EXERCISE BRIEF: What you return must be the lines from the first one below through the one containing "La Robe Flore", exactly and with pictures excluded.

***** PROVIDED RECORDS

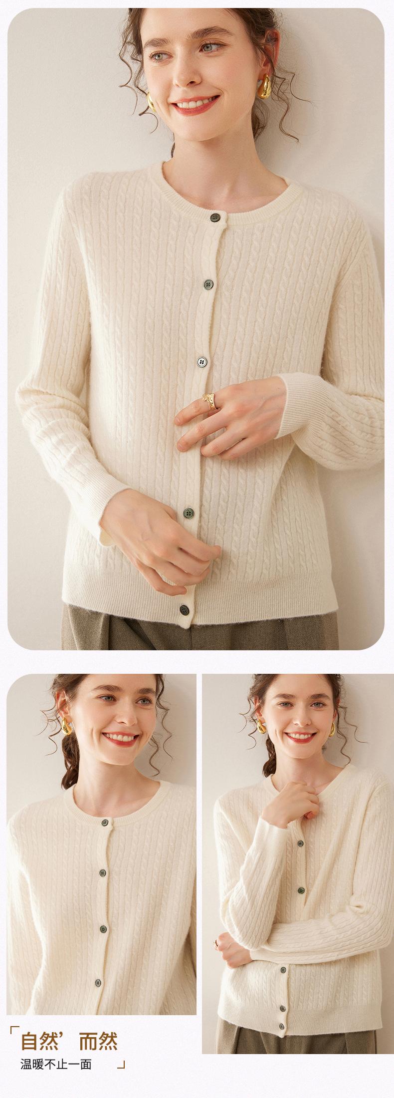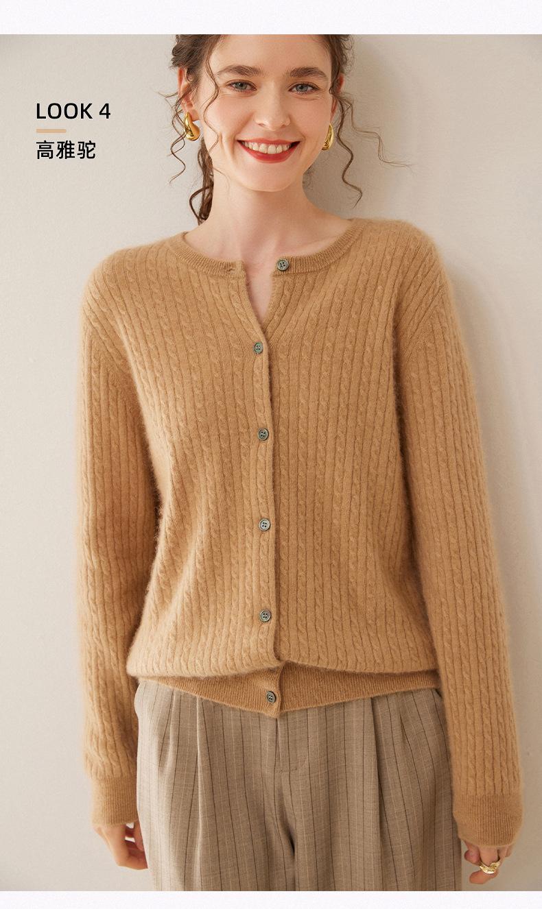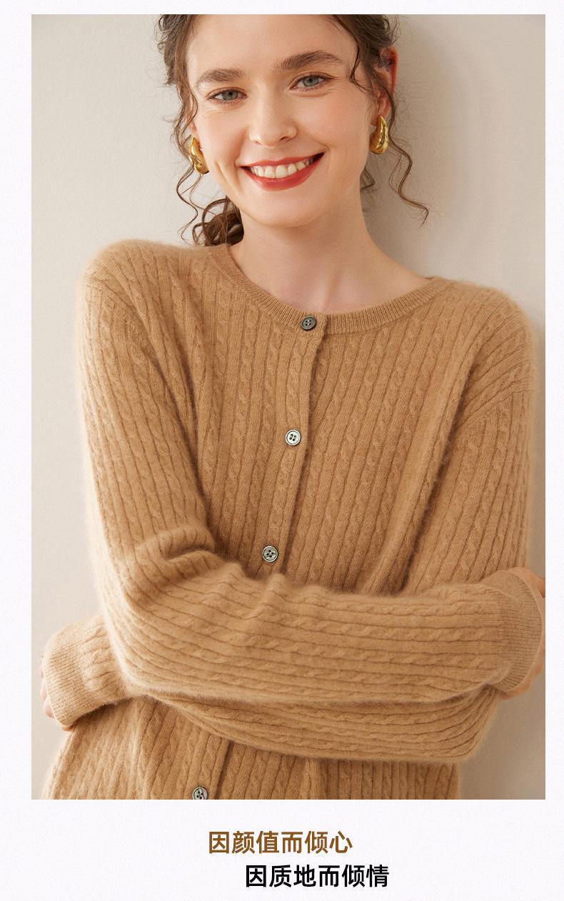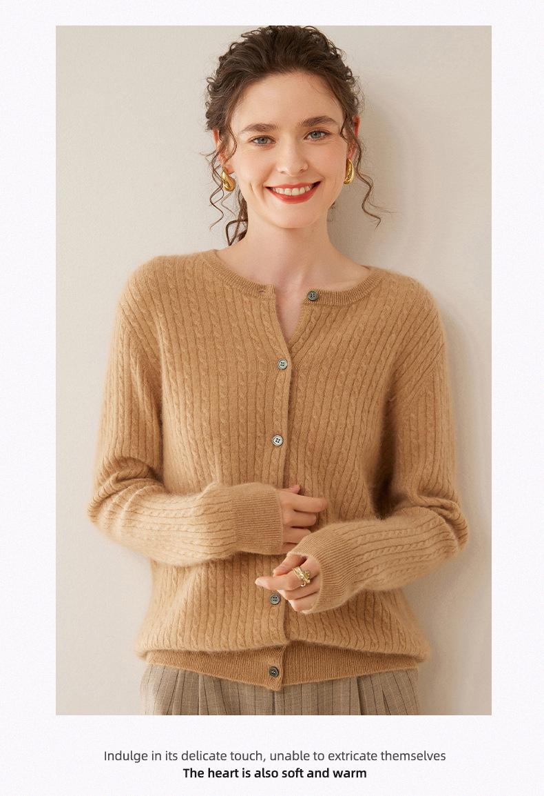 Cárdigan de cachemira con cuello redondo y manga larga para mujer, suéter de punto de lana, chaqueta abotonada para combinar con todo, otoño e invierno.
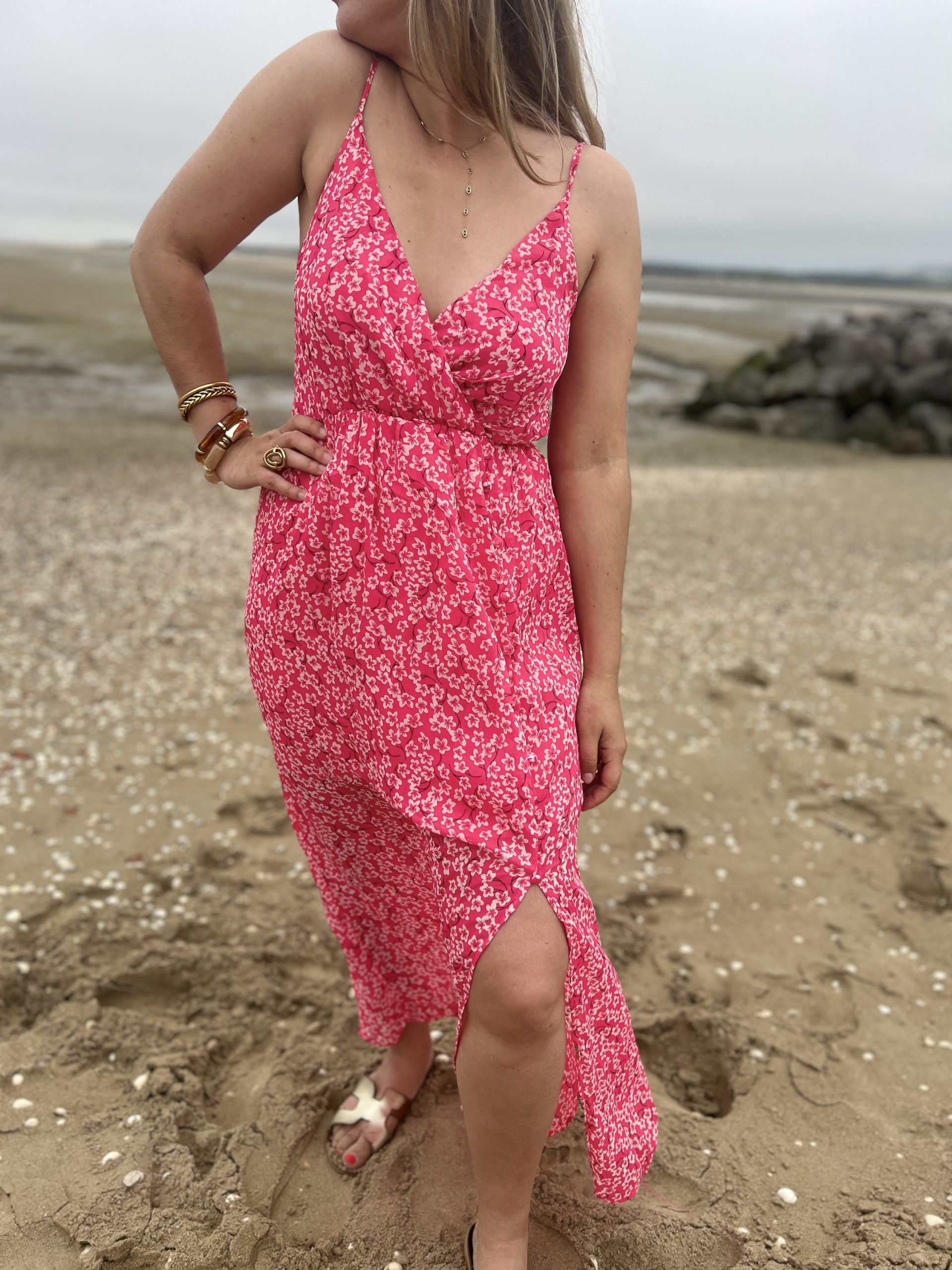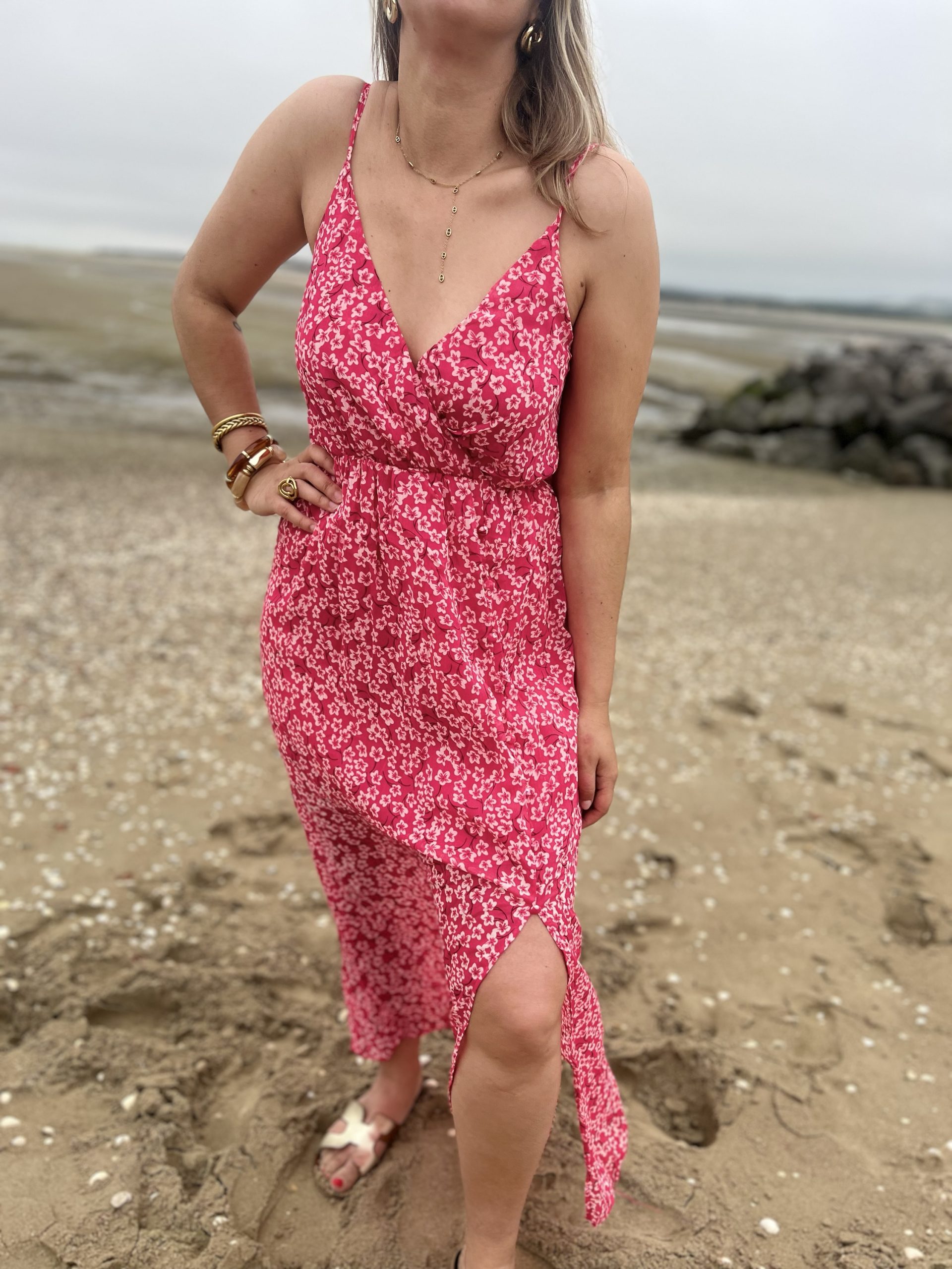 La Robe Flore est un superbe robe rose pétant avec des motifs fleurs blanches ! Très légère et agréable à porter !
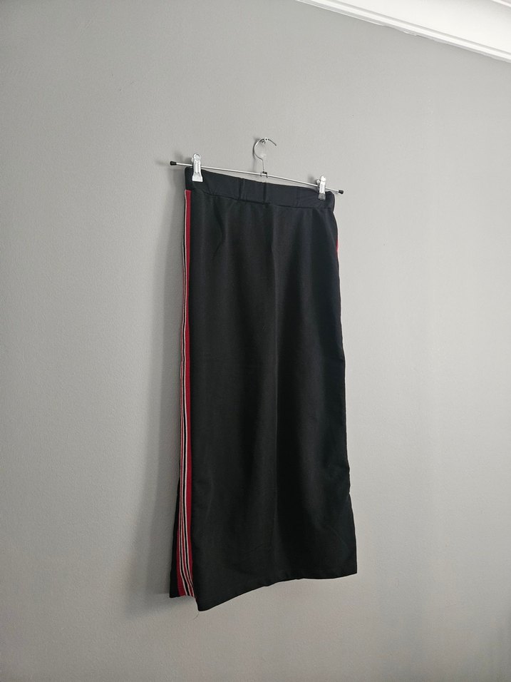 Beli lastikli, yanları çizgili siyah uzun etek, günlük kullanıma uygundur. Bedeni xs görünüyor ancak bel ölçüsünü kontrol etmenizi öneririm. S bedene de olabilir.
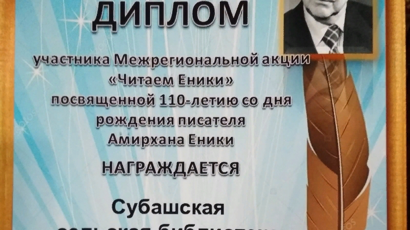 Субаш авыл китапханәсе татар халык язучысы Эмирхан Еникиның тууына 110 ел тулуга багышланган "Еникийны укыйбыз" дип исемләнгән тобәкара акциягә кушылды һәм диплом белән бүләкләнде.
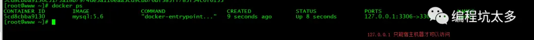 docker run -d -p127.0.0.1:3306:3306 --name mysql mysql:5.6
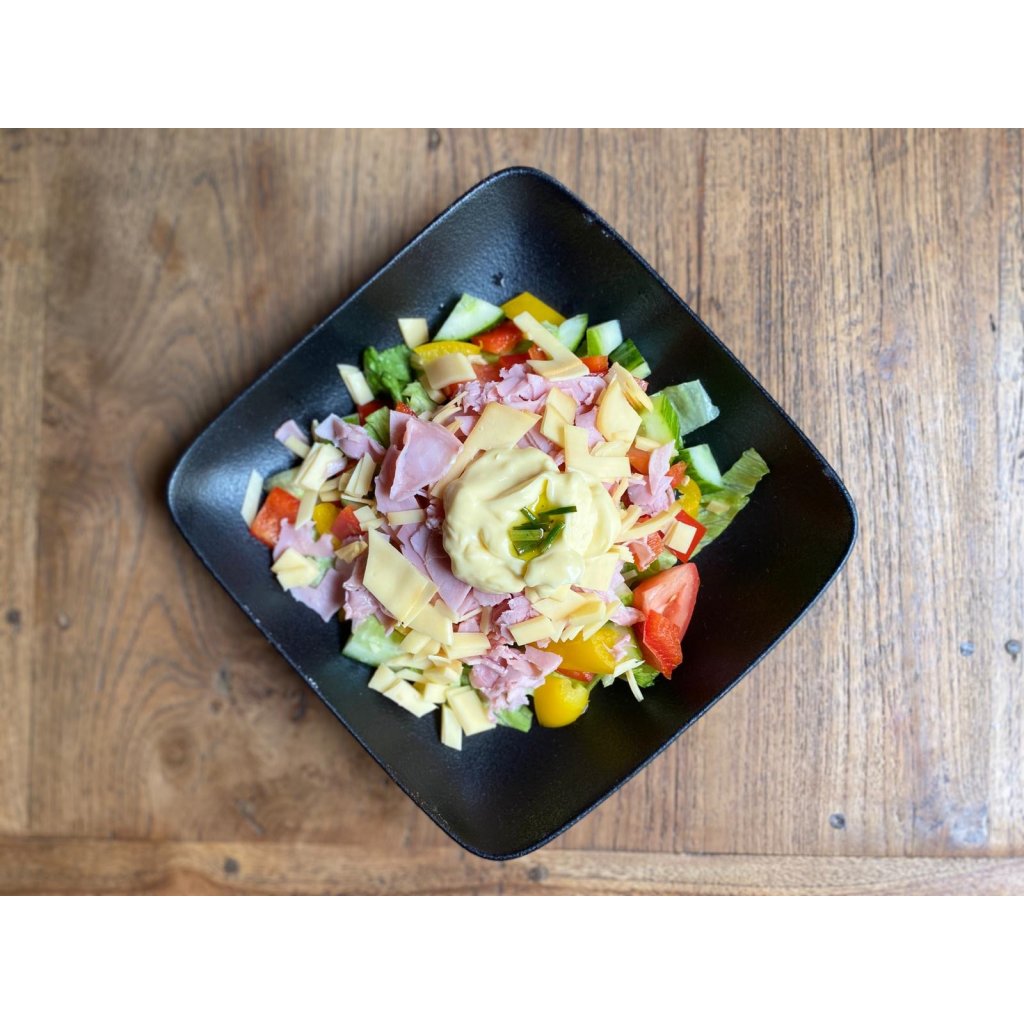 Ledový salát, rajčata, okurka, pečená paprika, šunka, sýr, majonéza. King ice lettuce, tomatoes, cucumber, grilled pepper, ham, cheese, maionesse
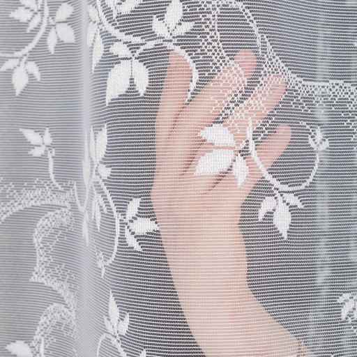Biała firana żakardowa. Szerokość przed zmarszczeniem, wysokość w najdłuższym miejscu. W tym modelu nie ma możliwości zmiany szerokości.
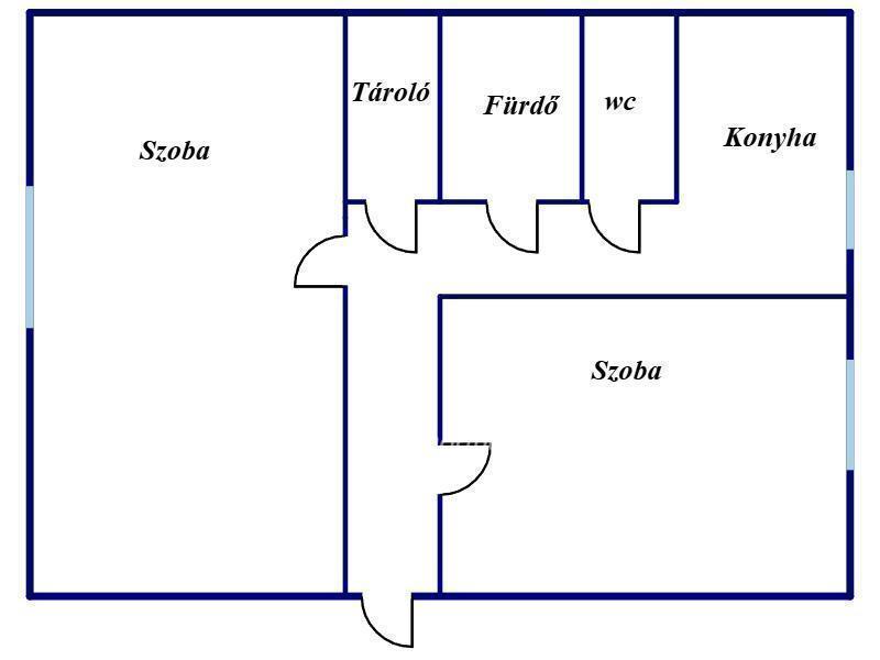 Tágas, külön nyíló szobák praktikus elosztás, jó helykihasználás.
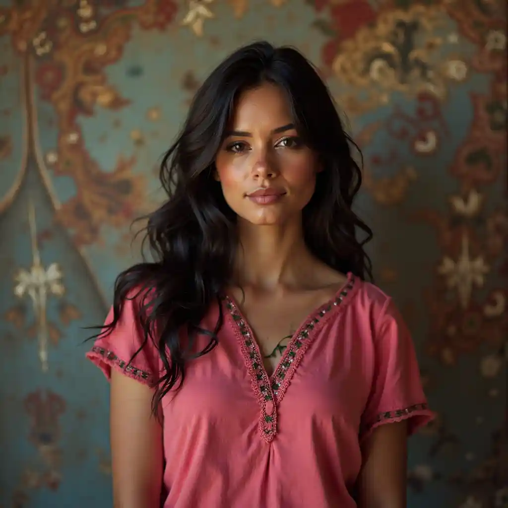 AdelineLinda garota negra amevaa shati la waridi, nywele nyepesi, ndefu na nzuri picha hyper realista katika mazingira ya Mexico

**********

RESPONSE AREA:
 Cárdigan de cachemira con cuello redondo y manga larga para mujer, suéter de punto de lana, chaqueta abotonada para combinar con todo, otoño e invierno.
 La Robe Flore est un superbe robe rose pétant avec des motifs fleurs blanches ! Très légère et agréable à porter !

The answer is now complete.